When Congress temporarily expanded the Child Tax Credit in 2021, child poverty plummeted; the credit expansion reduced the number of children living below the poverty line by more than a third. While all racial and ethnic groups saw large reductions in poverty, the percentage point reduction in child poverty was largest for Black, Latino, and Native American children. In passing the American Rescue Plan, Congress extended the Child Tax Credit to all children living in families with low or no income for the first time, and increased the $2,000-per-child credit to $3,600 per child aged 5 and younger, and $3,000 per child aged 6 to 17 (making 17-year-olds eligible for the first time), among other changes.
When the expanded credit expired, the number of children experiencing poverty rose substantially, demonstrating that child poverty is created—and can be alleviated —through policy choices.
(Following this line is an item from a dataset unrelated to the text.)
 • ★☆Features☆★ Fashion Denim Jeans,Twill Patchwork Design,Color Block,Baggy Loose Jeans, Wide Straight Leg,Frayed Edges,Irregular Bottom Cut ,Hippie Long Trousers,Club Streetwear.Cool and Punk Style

A 2019 National Academies of Science, Engineering, and Medicine report on reducing child poverty found that “income poverty itself causes negative child outcomes.” A large number of studies have found evidence that additional income can improve children’s outcomes in the short and long term.
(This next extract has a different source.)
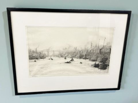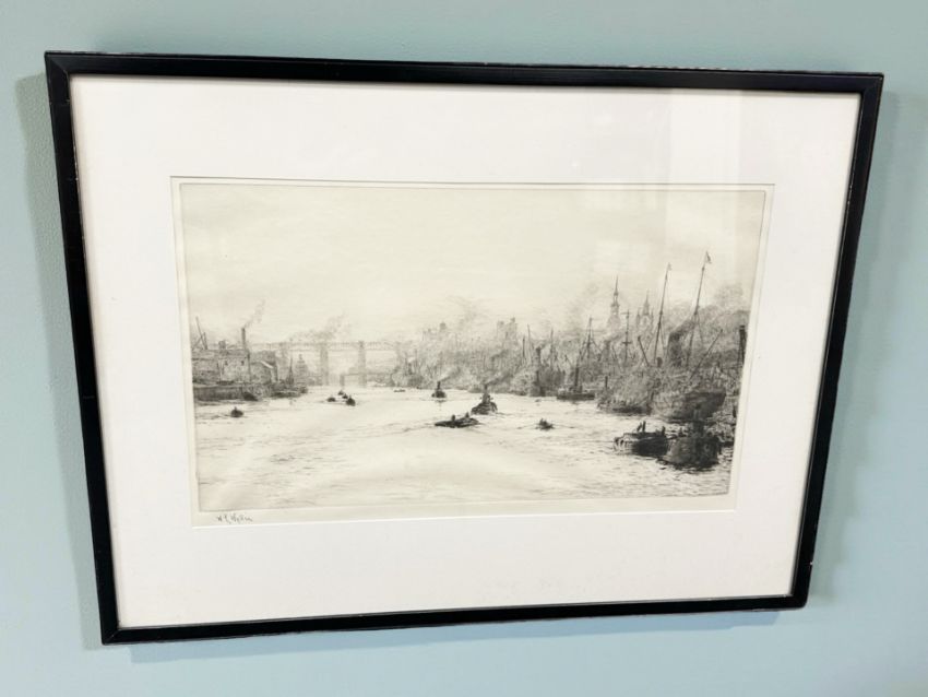 William Lionel Wyllie (1851-1931) : Shipping on The Tyne at Newcastle, drypoint etching, signed in pencil to bottom left, 22 cm x 38 cm, framed.

If the Rescue Plan version of the Child Tax Credit were in place for 2024, roughly 2.6 million fewer children would live in families with incomes below the poverty line. (See Table 1 at this link for estimates by state.) This includes 959,000 Latino children, 755,000 white children, 654,000 Black children, 79,000 Native American children, and 71,000 Asian children.
Congress should, at a minimum, reinstate the Rescue Plan expansion of the Child Tax Credit.
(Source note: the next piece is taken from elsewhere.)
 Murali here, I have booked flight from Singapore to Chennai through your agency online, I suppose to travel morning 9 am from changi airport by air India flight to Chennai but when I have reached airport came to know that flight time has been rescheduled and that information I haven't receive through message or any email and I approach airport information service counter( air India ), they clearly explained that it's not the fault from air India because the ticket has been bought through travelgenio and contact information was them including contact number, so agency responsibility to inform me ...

We’ve seen strong interest in the Child Tax Credit over the last year. Bipartisan tax legislation, which was negotiated by House Ways and Means Chair Jason Smith (R-Mo.) and Senate Finance Committee Chair Ron Wyden (D-Ore.), included a modest, but still important, expansion and passed the House with a large majority in January 2024. That proposal would have increased the Child Tax Credit for an estimated 16 million children in the first year, and lifted some 500,000 children above the poverty line when fully in effect.
Separately, two congressional proposals, Sens. Sherrod Brown (D-Ohio) and Michael Bennet’s (D-Colo.) Working Families Tax Relief Act and Rep. Rosa DeLauro’s (D-Conn.) American Family Act, build on the success of the Rescue Plan’s expanded Child Tax Credit. They make the full credit available to children in families with low incomes, propose larger maximum credit amounts than the Rescue Plan (by adjusting the Rescue Plan maximum credit amounts for inflation), and make additional changes to the credit. Though details differ, both proposals would lift more children above the poverty line over time than reinstating the 2021 Rescue Plan credit due to their larger maximum credit values and other changes. For example, according to a Columbia University analysis, had the American Family Act been in place for 2023 the credit expansion would have lifted an additional 3.6 million children out of poverty compared to current law.
Policymakers in both parties should make expanding the Child Tax Credit a priority in the 2025 tax debate. At minimum they should reinstate the Rescue Plan changes, which would provide an income boost to more than 60 million children in total, including the 19 million children in families with the lowest incomes. (See Table 2 at this link for estimates by state.) Expanding the Child Tax Credit is a proven solution for lifting millions of children above the poverty line and helping to ensure that all children have the resources they need to thrive.